WHAT THE TASK REQUIRES » Transcribe each entry in full, and leave the images out.

Saved entries
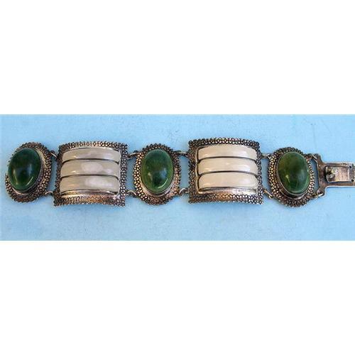 Very very cool chunky bracelet with Onyx and polished Calcite cabochons set in sterling well worked bracelet. Looks extremely cool on and is 10 times better in person. If you need one cool bracelet this is it. Circa 1930. Condition is very good.
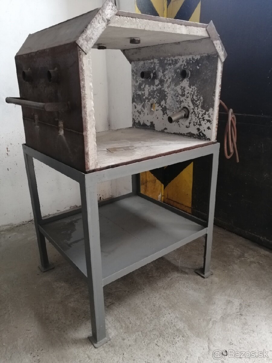 Vyhňa ohrievaná plynom P. B., otvory na plynove horaky sú po oboch stranách a dva otvory su na vrchu vyhňe. Vyhňa je zo žiaruvzdorného betónu a vnútorné rozmery sú šxhxv 700x700x500 mm, celková výška s podstavcom je 1450 mm, bola velmi málo používaná na jeden horák. Cena je 300 €, okr. Senica, 0905 563 302
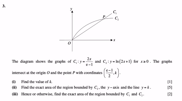 To tackle parts (i) and (ii), students have to first find the point of intersection between the two graphs, at the point P. The x-coordinate of P has been provided in the question and students only need to figure out what k represents, which will give them 1 mark as indicated by part (i). To do this, you simply have to sub the equation of either C1 or C2 with
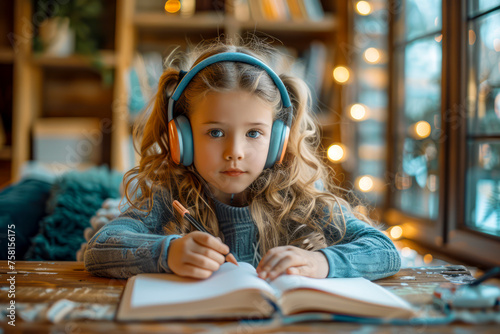 Obraz premium Young Caucasian girl studying at home with headphones on
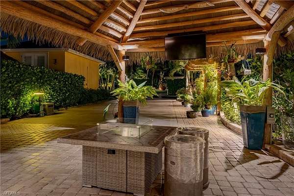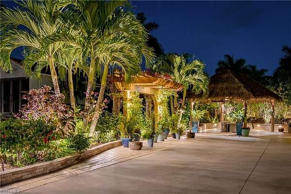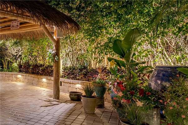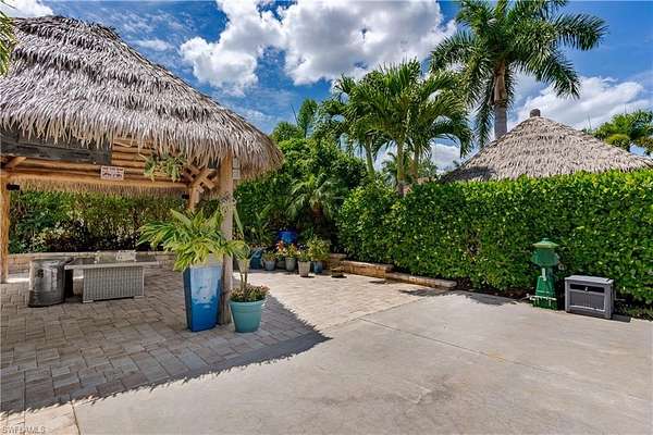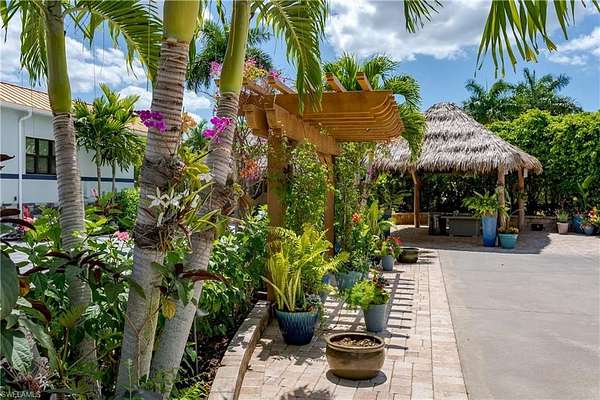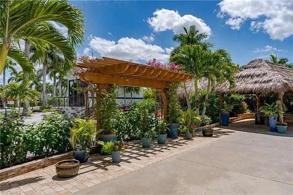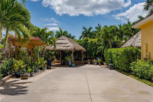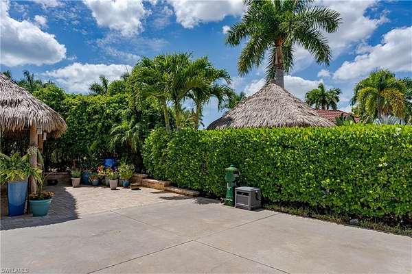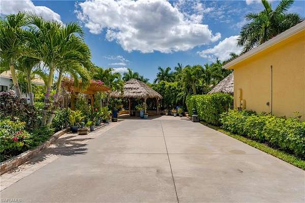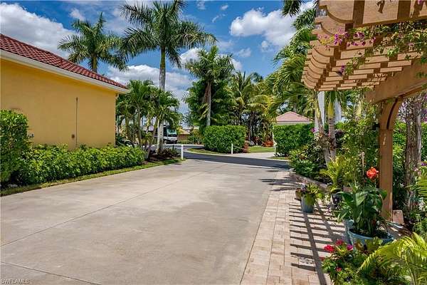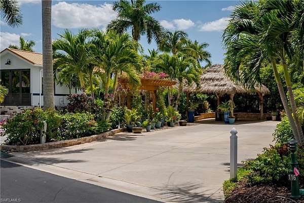 Lot 117 - You drive through the gated entrance marveling at the lush landscaping and fountains, you make a left and marvel at the royal palms and you now make a right onto your street, a short drive and on your right you back into your paradise home. As you settle in and look out the front of your motorcoach you see beautiful landscaping, as you exit your coach you see even more beautiful landscaping. As you walk to the rear of the property you pass your first area of bliss, where you drink your morning coffee or tea under your pergola. You marvel at the bougainvillea that is climbing up and across the pergola with its beautiful flowers. You now walk further back and see your large tiki. You can entertain, read a book or just relax listening to the breezes through the leaves of your beautiful plants. Now what can make this even better?? Your tiki has a new synthetic roof.... it looks so natural and so beautiful, but wait no mess to ever have to blow off your patio from the roof, it lasts years longer than a natural and is maintenance free, no need to spray for bugs! But wait there is another area off to the side, what will you put there? A couple more chairs? A water feature? Perhaps nothing, just keep it as open space. This property offers mature and colorful landscaping and abundant privacy. See this property via a virtual tour or in person today. Naples Motorcoach Resort is a Class A only, gated resort and boasts a beautiful infinity pool, hot spa, exercise room, men and ladies' saunas and a kitchen that owners can use. A clubhouse for events whether sponsored by the resort or you can reserve for your own gathering. Two satellite pools each with a hot spa their own rest rooms and a laundry room. We can't forget your furry best friend; the resort also has a dog park!

EXERCISE RESPONSE »
 Very very cool chunky bracelet with Onyx and polished Calcite cabochons set in sterling well worked bracelet. Looks extremely cool on and is 10 times better in person. If you need one cool bracelet this is it. Circa 1930. Condition is very good.
 Vyhňa ohrievaná plynom P. B., otvory na plynove horaky sú po oboch stranách a dva otvory su na vrchu vyhňe. Vyhňa je zo žiaruvzdorného betónu a vnútorné rozmery sú šxhxv 700x700x500 mm, celková výška s podstavcom je 1450 mm, bola velmi málo používaná na jeden horák. Cena je 300 €, okr. Senica, 0905 563 302
 To tackle parts (i) and (ii), students have to first find the point of intersection between the two graphs, at the point P. The x-coordinate of P has been provided in the question and students only need to figure out what k represents, which will give them 1 mark as indicated by part (i). To do this, you simply have to sub the equation of either C1 or C2 with
 Obraz premium Young Caucasian girl studying at home with headphones on
 Lot 117 - You drive through the gated entrance marveling at the lush landscaping and fountains, you make a left and marvel at the royal palms and you now make a right onto your street, a short drive and on your right you back into your paradise home. As you settle in and look out the front of your motorcoach you see beautiful landscaping, as you exit your coach you see even more beautiful landscaping. As you walk to the rear of the property you pass your first area of bliss, where you drink your morning coffee or tea under your pergola. You marvel at the bougainvillea that is climbing up and across the pergola with its beautiful flowers. You now walk further back and see your large tiki. You can entertain, read a book or just relax listening to the breezes through the leaves of your beautiful plants. Now what can make this even better?? Your tiki has a new synthetic roof.... it looks so natural and so beautiful, but wait no mess to ever have to blow off your patio from the roof, it lasts years longer than a natural and is maintenance free, no need to spray for bugs! But wait there is another area off to the side, what will you put there? A couple more chairs? A water feature? Perhaps nothing, just keep it as open space. This property offers mature and colorful landscaping and abundant privacy. See this property via a virtual tour or in person today. Naples Motorcoach Resort is a Class A only, gated resort and boasts a beautiful infinity pool, hot spa, exercise room, men and ladies' saunas and a kitchen that owners can use. A clubhouse for events whether sponsored by the resort or you can reserve for your own gathering. Two satellite pools each with a hot spa their own rest rooms and a laundry room. We can't forget your furry best friend; the resort also has a dog park!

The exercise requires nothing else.